The problem:
Skip the pictures and write out, word for word, the lines below from the one with "39 Tlg Glas" through the one with "Selling a folding", inclusive.

Records to use:
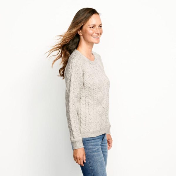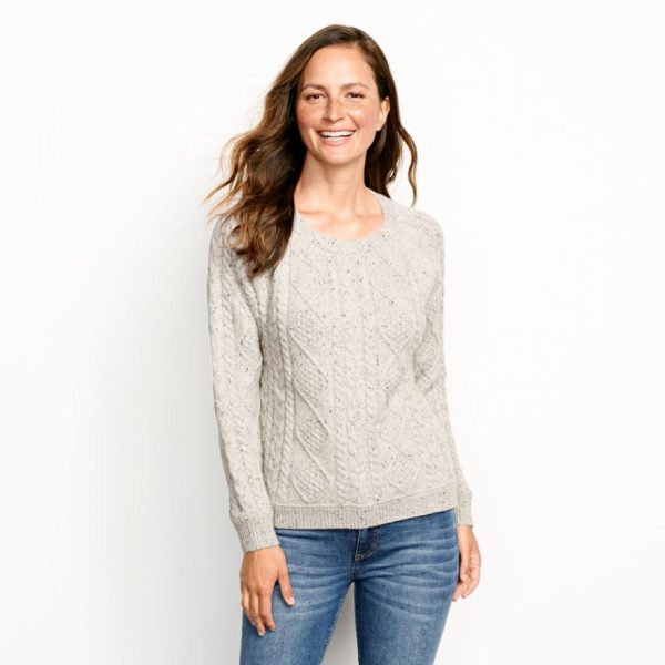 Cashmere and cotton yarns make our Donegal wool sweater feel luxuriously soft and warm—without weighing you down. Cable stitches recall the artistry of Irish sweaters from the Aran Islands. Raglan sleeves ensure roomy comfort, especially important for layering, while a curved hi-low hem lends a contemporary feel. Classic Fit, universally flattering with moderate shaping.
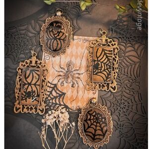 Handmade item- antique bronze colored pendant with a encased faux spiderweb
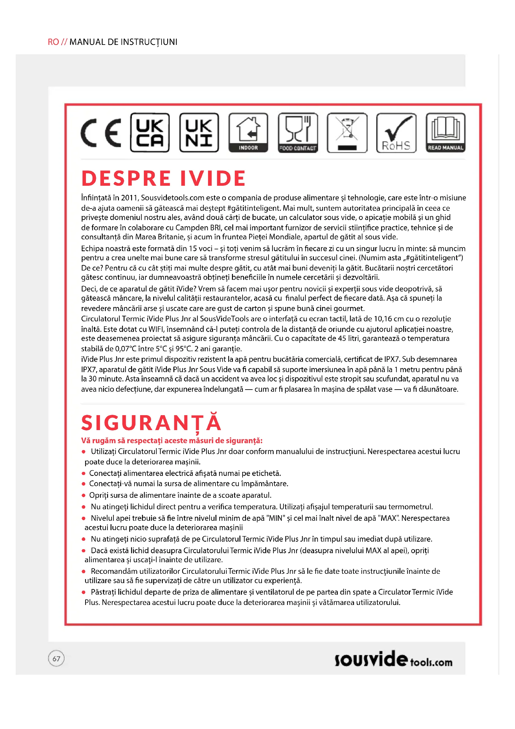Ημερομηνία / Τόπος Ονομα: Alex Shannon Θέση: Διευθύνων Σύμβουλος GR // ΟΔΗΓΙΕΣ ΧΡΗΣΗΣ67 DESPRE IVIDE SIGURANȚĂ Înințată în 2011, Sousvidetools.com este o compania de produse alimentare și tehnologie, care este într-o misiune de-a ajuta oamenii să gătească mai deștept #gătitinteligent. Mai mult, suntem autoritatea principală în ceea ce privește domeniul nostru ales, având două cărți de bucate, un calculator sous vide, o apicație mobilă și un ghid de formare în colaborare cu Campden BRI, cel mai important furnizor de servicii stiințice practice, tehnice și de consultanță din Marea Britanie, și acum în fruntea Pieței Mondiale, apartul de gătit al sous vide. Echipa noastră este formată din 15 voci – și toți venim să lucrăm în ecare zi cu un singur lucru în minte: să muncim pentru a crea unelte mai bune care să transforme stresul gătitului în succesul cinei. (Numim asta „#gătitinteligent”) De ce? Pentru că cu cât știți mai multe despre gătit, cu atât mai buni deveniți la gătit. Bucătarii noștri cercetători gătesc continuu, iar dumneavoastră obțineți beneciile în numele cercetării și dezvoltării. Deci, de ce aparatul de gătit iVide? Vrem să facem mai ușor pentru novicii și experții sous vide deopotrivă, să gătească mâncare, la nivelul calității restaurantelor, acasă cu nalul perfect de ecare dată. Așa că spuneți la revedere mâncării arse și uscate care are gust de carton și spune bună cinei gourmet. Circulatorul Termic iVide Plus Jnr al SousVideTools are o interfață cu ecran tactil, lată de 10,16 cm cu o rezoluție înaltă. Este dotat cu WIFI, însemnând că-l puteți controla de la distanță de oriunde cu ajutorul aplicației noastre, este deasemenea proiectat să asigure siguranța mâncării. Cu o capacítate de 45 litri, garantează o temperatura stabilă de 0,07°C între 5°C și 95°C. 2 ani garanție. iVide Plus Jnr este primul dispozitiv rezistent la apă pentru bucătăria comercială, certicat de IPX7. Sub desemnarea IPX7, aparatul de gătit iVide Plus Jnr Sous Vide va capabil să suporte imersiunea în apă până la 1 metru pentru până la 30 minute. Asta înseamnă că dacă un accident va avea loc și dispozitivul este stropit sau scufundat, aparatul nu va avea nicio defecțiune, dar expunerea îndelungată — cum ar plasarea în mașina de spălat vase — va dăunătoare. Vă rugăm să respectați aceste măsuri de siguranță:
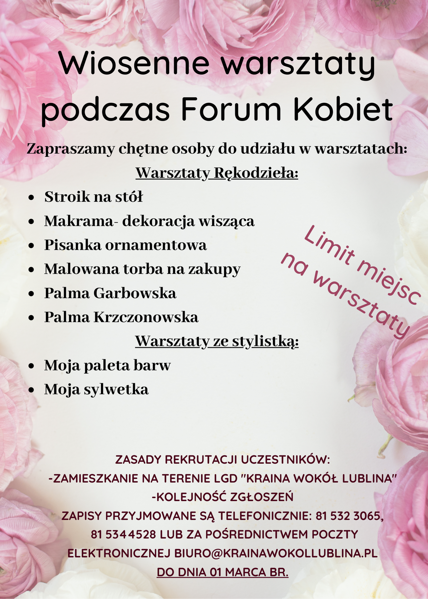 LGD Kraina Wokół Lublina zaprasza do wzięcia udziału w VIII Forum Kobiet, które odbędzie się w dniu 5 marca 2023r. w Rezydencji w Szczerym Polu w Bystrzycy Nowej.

==

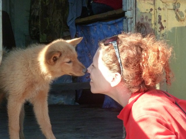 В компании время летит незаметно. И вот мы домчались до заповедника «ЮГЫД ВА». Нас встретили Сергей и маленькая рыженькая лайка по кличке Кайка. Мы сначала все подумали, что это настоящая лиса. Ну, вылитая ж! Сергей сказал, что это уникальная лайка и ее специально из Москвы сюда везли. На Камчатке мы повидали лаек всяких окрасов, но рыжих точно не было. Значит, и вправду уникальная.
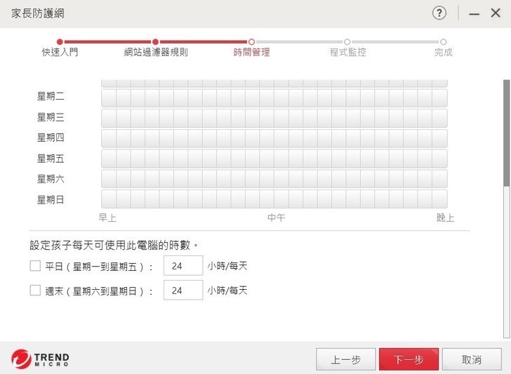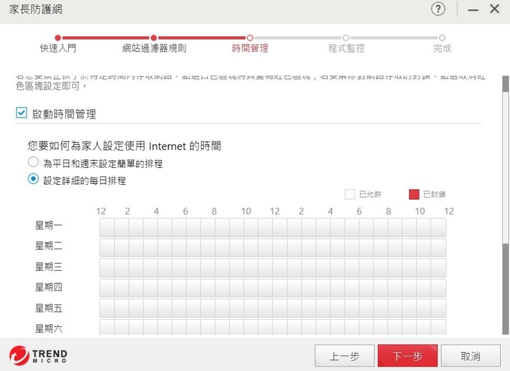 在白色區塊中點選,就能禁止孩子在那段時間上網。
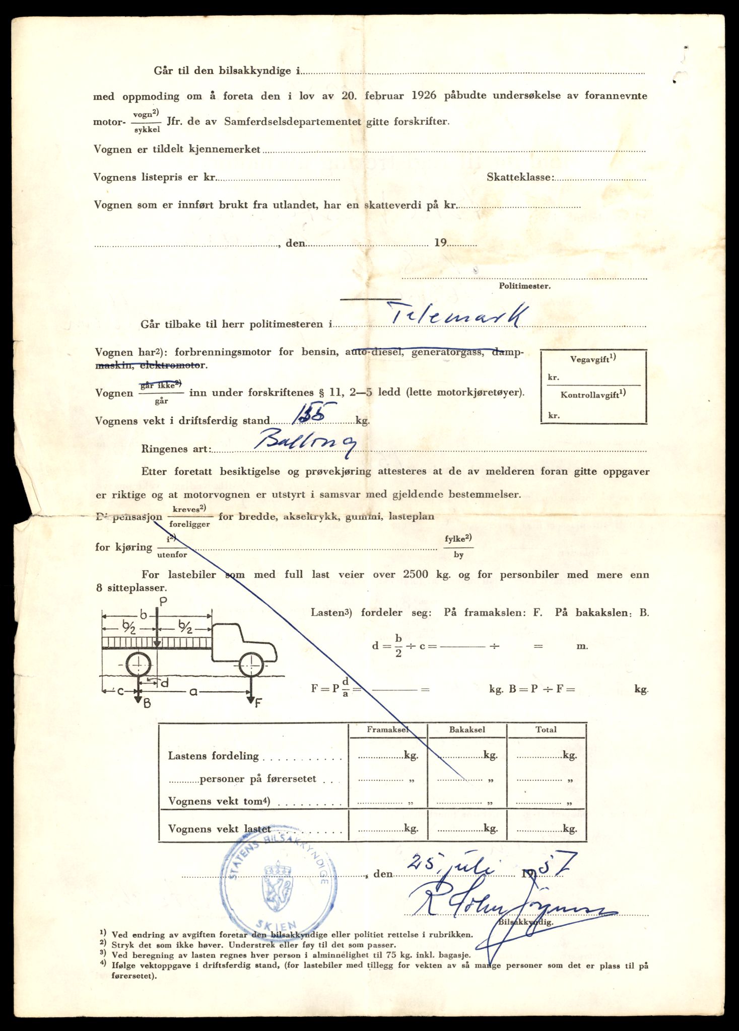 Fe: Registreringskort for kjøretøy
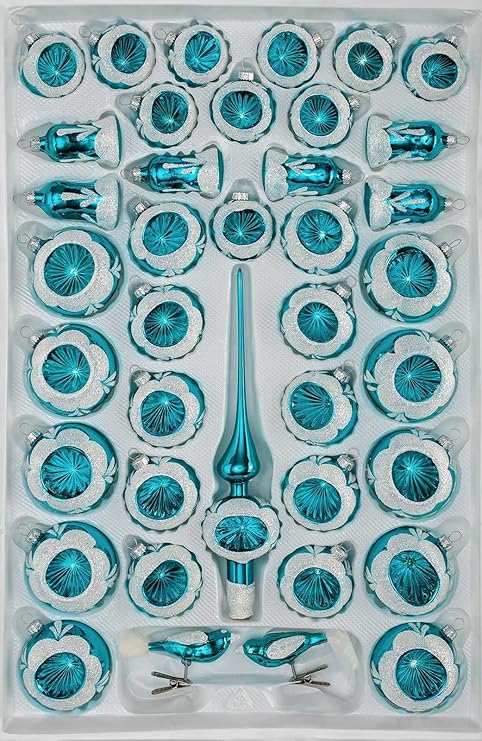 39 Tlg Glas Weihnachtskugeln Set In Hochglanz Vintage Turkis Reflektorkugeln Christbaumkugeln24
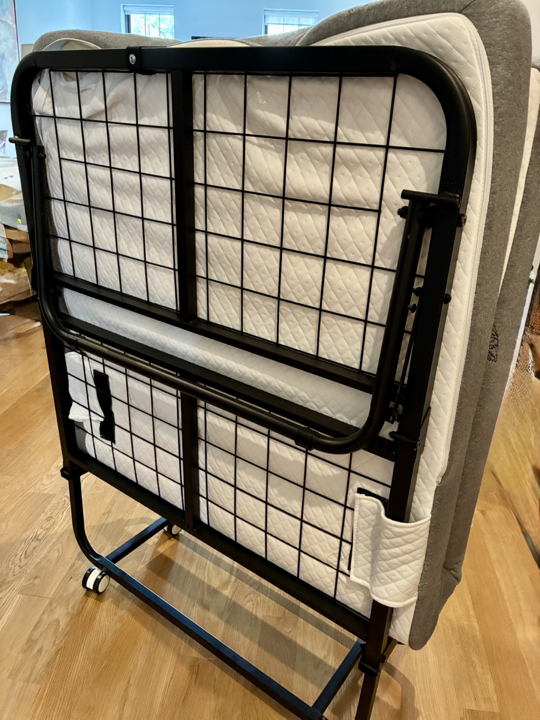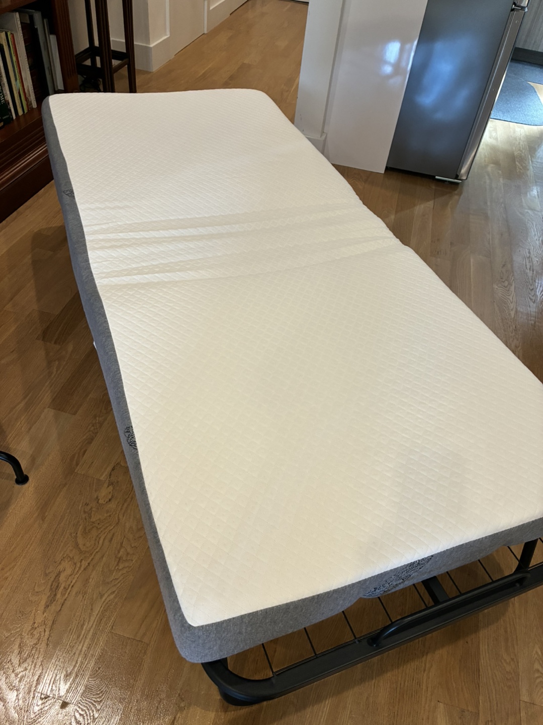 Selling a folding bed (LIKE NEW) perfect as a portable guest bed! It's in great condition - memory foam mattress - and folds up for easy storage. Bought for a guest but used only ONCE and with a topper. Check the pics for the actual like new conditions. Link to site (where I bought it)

==

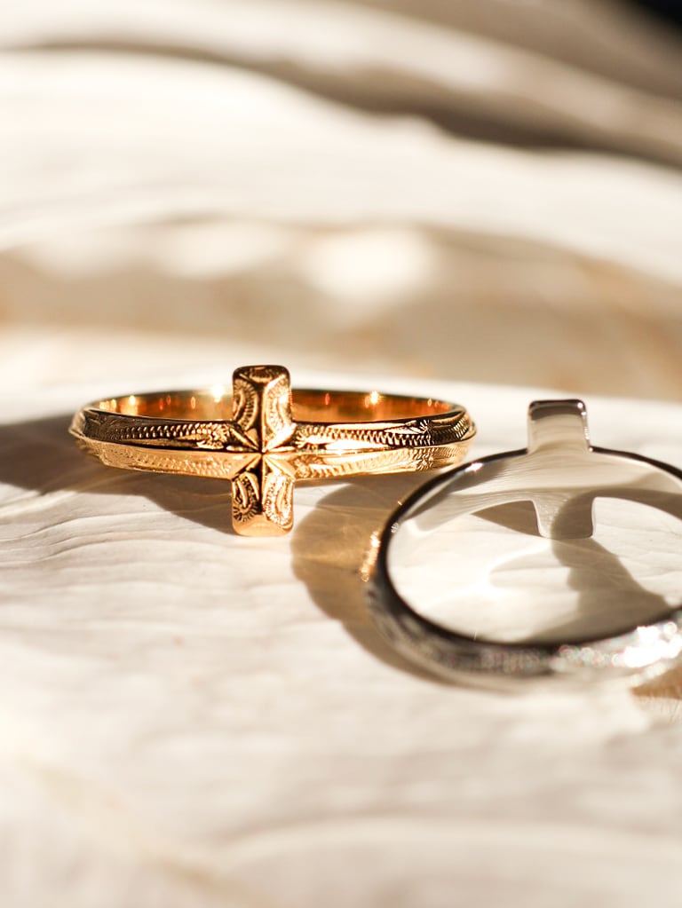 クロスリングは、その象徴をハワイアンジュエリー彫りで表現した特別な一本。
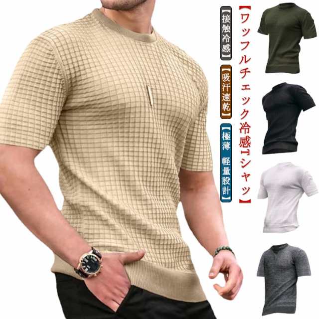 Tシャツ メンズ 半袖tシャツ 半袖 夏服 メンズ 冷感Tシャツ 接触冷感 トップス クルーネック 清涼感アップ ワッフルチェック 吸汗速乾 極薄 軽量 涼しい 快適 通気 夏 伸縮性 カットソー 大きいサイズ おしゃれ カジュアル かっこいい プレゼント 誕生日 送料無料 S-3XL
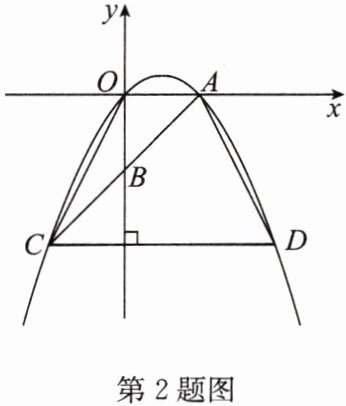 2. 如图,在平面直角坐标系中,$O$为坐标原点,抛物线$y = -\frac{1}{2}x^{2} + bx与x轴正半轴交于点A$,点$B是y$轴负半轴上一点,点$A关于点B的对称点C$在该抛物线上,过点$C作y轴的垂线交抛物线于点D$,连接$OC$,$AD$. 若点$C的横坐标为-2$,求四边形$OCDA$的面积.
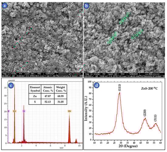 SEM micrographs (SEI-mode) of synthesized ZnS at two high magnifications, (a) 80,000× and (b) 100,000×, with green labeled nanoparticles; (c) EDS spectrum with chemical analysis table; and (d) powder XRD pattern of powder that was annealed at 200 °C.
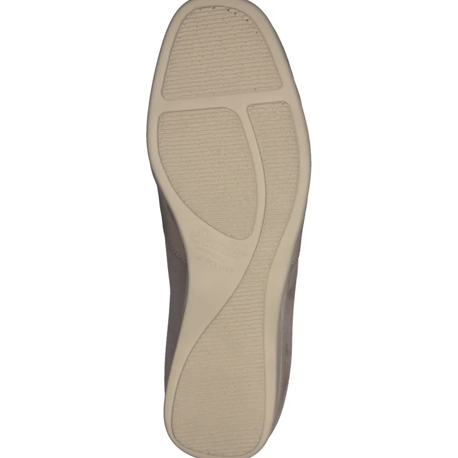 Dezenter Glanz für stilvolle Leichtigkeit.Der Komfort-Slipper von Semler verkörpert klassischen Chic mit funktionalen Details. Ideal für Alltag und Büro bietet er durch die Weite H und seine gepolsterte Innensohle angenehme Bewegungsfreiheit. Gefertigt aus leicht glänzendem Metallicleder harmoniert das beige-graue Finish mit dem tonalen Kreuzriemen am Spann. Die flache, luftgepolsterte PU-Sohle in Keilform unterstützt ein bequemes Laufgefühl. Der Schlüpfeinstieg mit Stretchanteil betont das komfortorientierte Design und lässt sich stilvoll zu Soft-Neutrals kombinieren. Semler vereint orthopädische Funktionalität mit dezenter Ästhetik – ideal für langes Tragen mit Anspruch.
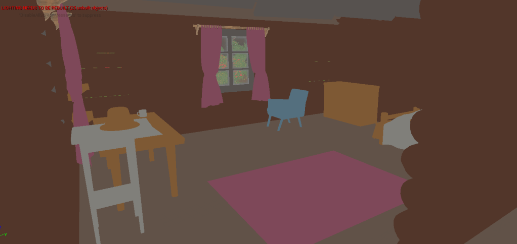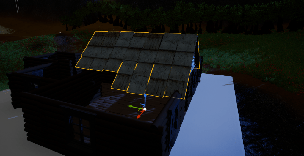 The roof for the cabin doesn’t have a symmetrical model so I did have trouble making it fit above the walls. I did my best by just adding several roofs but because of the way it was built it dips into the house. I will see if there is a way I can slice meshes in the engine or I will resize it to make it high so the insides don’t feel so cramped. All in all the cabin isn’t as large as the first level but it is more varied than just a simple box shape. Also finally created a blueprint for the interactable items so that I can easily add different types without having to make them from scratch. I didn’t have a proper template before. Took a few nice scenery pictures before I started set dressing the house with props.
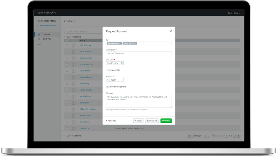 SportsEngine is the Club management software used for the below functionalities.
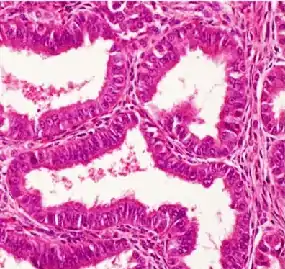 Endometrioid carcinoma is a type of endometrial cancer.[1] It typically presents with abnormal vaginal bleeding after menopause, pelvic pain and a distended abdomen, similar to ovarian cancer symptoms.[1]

Answer section:
 39 Tlg Glas Weihnachtskugeln Set In Hochglanz Vintage Turkis Reflektorkugeln Christbaumkugeln24
 Selling a folding bed (LIKE NEW) perfect as a portable guest bed! It's in great condition - memory foam mattress - and folds up for easy storage. Bought for a guest but used only ONCE and with a topper. Check the pics for the actual like new conditions. Link to site (where I bought it)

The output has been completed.